[WHAT YOU HAVE TO DO] From the entries below, print exactly the span beginning with the line holding "ススキの原を草刈り機で丸裸に。来年茅葺き屋根の補修に使うそう。" and ending with the line holding "Pakken inneholder 20", endpoints included, and skip any pictures.

── GIVEN RECORDS

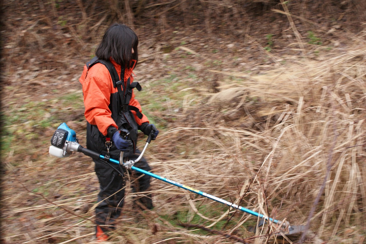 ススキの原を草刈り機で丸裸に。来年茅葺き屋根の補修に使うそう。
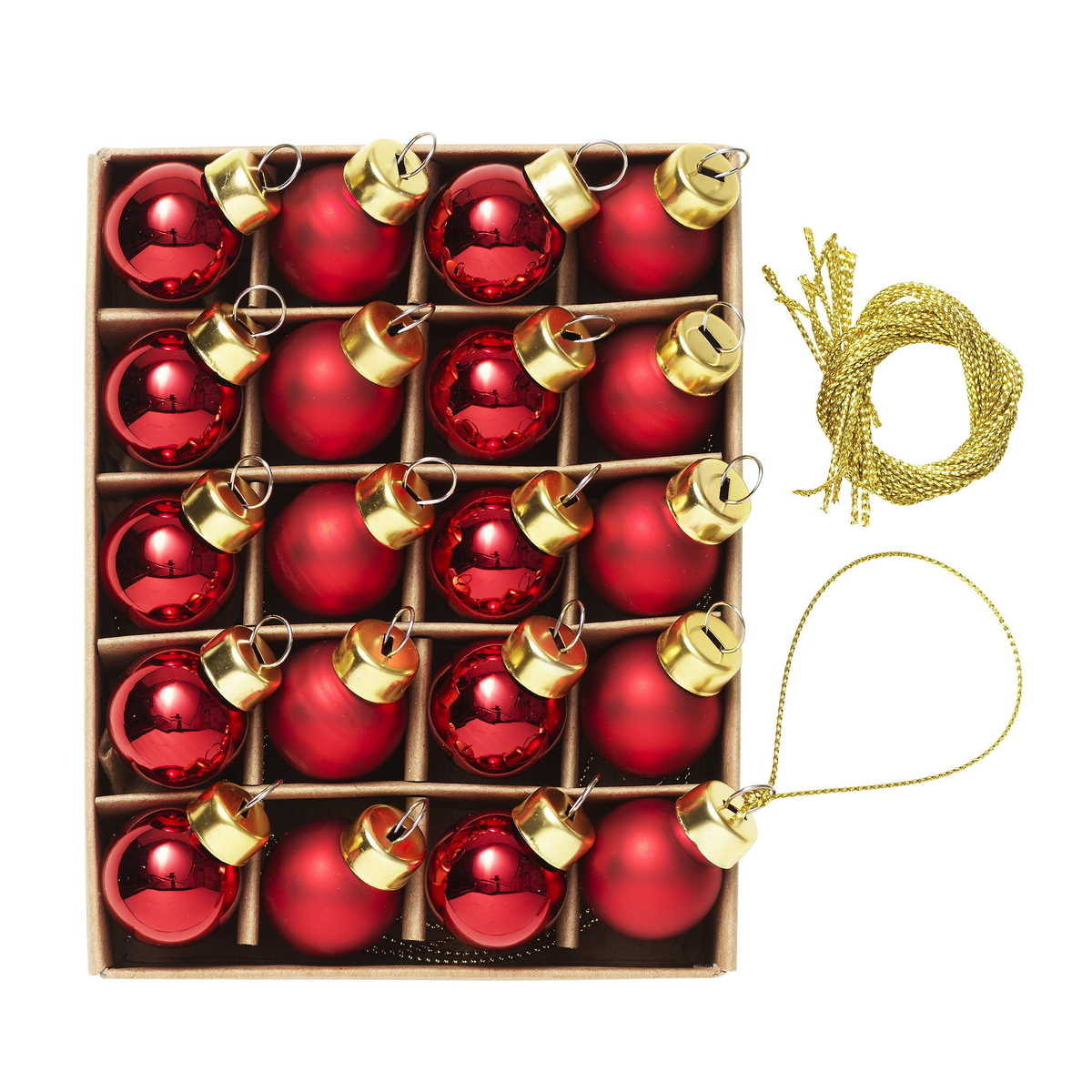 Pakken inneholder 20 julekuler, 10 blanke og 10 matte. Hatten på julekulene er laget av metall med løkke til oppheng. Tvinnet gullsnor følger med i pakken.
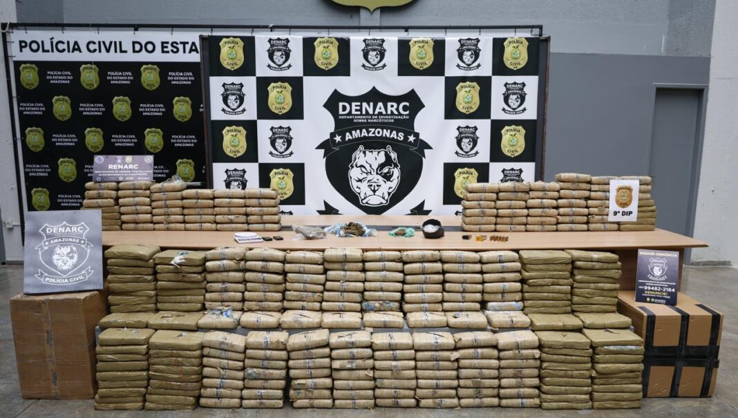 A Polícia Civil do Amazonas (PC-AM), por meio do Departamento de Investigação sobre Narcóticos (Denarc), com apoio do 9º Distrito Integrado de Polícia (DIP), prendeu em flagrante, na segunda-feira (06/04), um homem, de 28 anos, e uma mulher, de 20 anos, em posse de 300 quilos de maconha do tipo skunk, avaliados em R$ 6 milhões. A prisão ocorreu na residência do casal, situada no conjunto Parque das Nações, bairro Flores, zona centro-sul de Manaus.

────
── GIVEN RECORDS

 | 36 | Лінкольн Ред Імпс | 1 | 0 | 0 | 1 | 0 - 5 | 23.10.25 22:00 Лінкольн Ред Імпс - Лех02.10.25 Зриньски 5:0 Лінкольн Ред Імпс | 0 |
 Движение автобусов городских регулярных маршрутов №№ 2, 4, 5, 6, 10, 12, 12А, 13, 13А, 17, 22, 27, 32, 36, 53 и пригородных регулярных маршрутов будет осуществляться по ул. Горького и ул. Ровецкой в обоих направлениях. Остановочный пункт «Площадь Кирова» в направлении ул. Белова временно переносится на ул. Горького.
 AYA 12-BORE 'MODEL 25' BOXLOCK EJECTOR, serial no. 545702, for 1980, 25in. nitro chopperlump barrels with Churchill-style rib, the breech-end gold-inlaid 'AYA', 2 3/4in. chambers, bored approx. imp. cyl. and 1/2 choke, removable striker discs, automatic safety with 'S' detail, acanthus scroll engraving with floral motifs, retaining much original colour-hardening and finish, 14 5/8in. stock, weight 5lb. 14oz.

────

[SOLUTION TO THIS TASK]
 ススキの原を草刈り機で丸裸に。来年茅葺き屋根の補修に使うそう。
 Pakken inneholder 20 julekuler, 10 blanke og 10 matte. Hatten på julekulene er laget av metall med løkke til oppheng. Tvinnet gullsnor følger med i pakken.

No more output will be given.